### EXERCISE REQUIREMENTS
Which lines of the entries below contain the string "with"? Copy each one.

- - -

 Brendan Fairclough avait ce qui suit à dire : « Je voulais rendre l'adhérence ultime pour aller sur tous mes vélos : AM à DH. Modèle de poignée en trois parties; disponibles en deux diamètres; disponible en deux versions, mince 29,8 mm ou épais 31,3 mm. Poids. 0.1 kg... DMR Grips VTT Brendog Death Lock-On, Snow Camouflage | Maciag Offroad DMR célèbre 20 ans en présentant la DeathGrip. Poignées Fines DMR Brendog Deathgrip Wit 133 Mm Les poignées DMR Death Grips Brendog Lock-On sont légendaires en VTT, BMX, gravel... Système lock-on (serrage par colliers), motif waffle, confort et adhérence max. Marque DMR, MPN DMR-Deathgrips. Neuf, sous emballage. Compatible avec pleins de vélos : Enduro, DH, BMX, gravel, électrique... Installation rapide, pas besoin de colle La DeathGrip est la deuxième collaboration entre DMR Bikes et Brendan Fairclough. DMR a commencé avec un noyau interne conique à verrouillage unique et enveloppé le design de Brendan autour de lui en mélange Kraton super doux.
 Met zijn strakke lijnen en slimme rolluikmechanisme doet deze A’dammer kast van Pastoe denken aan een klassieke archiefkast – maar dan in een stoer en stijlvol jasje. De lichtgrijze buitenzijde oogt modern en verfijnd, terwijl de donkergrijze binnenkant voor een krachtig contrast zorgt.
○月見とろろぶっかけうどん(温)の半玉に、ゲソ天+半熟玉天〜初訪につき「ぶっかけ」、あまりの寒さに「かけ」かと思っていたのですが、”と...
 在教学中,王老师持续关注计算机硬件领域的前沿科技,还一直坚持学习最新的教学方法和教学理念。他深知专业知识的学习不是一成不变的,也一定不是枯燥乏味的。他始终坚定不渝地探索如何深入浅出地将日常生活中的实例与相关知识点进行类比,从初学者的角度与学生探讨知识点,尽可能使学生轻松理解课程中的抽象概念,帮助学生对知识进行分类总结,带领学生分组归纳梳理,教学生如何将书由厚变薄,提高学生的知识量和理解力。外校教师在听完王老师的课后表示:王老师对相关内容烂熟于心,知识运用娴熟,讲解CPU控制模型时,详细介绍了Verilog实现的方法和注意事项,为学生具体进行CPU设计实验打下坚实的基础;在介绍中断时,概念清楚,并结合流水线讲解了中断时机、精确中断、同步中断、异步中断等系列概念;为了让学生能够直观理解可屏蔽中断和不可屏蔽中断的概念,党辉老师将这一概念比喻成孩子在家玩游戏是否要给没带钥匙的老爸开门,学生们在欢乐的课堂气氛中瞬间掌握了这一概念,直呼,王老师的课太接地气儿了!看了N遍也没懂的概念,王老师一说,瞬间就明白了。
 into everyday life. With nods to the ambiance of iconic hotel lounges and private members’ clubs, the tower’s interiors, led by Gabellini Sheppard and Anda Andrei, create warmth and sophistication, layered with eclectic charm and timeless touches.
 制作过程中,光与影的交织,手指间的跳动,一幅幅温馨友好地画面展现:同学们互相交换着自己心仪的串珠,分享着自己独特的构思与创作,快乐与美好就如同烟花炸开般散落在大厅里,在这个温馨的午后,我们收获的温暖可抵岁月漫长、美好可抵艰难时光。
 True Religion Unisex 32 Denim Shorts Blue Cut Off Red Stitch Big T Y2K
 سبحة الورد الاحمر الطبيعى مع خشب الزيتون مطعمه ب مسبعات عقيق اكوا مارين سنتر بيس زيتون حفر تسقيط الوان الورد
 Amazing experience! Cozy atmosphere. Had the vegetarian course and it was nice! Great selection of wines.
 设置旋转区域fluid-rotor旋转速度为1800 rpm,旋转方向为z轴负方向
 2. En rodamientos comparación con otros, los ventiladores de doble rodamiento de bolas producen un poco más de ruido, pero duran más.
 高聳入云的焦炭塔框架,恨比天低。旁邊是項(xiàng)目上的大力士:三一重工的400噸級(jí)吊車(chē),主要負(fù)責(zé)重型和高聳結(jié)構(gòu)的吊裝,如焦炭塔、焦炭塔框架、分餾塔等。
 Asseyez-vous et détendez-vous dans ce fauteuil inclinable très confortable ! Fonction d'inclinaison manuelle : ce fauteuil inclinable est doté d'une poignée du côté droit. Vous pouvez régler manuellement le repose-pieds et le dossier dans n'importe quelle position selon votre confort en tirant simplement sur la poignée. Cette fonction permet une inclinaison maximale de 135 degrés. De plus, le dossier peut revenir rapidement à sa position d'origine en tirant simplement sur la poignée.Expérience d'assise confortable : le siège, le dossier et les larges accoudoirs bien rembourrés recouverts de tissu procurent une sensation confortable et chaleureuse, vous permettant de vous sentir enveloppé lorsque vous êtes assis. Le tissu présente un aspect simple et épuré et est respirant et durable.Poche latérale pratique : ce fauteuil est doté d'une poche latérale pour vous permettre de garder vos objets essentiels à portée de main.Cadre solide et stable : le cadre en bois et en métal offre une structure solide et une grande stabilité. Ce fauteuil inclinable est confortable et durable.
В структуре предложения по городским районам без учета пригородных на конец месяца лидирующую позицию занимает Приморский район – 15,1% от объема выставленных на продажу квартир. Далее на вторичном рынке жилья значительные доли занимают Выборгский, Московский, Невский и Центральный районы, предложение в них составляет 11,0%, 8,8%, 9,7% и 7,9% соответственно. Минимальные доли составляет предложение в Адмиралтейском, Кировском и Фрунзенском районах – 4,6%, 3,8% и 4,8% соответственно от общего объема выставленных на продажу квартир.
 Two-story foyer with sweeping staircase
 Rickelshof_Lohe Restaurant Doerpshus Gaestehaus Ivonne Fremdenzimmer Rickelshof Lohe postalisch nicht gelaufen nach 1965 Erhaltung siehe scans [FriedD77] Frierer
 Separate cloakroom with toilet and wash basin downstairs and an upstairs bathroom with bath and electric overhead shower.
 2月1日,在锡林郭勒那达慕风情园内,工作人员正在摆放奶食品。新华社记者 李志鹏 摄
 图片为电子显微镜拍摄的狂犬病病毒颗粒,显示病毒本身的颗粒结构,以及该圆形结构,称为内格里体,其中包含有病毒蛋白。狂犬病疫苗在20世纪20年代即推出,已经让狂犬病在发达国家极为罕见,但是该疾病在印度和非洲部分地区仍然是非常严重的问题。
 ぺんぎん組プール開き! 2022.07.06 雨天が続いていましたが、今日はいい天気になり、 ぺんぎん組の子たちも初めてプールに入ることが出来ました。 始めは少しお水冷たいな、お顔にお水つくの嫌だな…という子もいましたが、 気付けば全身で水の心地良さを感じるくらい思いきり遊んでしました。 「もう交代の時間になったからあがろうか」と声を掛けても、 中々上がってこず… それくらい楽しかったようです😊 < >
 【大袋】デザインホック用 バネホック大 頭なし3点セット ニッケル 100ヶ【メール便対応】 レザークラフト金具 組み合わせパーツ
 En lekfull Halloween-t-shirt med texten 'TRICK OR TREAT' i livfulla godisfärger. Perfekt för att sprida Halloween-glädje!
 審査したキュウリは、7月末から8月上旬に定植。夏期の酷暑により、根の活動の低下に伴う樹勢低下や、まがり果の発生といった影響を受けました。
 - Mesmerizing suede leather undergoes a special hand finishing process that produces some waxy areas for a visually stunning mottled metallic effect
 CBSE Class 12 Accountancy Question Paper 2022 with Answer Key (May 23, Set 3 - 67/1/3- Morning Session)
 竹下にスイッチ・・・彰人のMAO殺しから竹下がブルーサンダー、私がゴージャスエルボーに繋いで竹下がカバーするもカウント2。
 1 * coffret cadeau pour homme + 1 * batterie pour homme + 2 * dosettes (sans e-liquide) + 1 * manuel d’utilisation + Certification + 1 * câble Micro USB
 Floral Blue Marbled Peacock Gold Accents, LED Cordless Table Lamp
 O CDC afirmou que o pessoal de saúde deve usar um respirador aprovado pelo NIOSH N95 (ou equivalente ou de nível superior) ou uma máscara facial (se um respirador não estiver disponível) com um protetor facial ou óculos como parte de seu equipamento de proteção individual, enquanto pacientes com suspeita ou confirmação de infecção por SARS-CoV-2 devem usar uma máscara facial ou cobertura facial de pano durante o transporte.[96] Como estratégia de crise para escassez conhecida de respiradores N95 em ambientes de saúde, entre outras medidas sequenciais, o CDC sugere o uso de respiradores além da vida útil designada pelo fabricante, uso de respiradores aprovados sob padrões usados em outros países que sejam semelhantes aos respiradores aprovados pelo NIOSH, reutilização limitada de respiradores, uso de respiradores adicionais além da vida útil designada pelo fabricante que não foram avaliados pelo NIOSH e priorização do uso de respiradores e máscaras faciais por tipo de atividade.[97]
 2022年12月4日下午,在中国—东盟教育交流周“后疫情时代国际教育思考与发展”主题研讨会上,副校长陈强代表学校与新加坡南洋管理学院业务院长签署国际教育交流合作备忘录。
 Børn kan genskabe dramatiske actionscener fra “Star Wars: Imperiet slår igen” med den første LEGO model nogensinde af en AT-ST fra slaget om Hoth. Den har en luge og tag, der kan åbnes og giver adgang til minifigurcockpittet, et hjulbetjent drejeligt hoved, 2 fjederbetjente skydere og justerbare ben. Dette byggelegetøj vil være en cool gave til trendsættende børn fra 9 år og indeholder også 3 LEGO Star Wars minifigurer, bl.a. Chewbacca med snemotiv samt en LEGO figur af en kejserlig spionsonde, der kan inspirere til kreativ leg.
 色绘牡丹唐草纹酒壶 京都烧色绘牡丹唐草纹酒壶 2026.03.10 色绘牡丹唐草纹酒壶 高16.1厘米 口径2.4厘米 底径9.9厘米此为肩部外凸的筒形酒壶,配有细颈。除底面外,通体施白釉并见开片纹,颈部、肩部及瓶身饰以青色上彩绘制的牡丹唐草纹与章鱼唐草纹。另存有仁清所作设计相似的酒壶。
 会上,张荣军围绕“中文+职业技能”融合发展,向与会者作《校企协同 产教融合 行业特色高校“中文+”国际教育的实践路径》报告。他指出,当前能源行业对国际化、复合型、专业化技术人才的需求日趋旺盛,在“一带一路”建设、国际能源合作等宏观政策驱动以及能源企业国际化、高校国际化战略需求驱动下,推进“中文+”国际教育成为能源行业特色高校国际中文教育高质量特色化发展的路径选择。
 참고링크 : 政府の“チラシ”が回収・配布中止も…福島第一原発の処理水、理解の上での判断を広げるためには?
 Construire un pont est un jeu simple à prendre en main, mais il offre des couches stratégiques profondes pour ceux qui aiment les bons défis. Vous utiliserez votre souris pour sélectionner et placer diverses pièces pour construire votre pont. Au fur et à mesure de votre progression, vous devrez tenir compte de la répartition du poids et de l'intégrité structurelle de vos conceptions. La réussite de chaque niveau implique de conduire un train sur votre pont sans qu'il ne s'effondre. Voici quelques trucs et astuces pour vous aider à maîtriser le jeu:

- - -

### EXERCISE RESULT
 into everyday life. With nods to the ambiance of iconic hotel lounges and private members’ clubs, the tower’s interiors, led by Gabellini Sheppard and Anda Andrei, create warmth and sophistication, layered with eclectic charm and timeless touches.
 Two-story foyer with sweeping staircase
 Separate cloakroom with toilet and wash basin downstairs and an upstairs bathroom with bath and electric overhead shower.
 CBSE Class 12 Accountancy Question Paper 2022 with Answer Key (May 23, Set 3 - 67/1/3- Morning Session)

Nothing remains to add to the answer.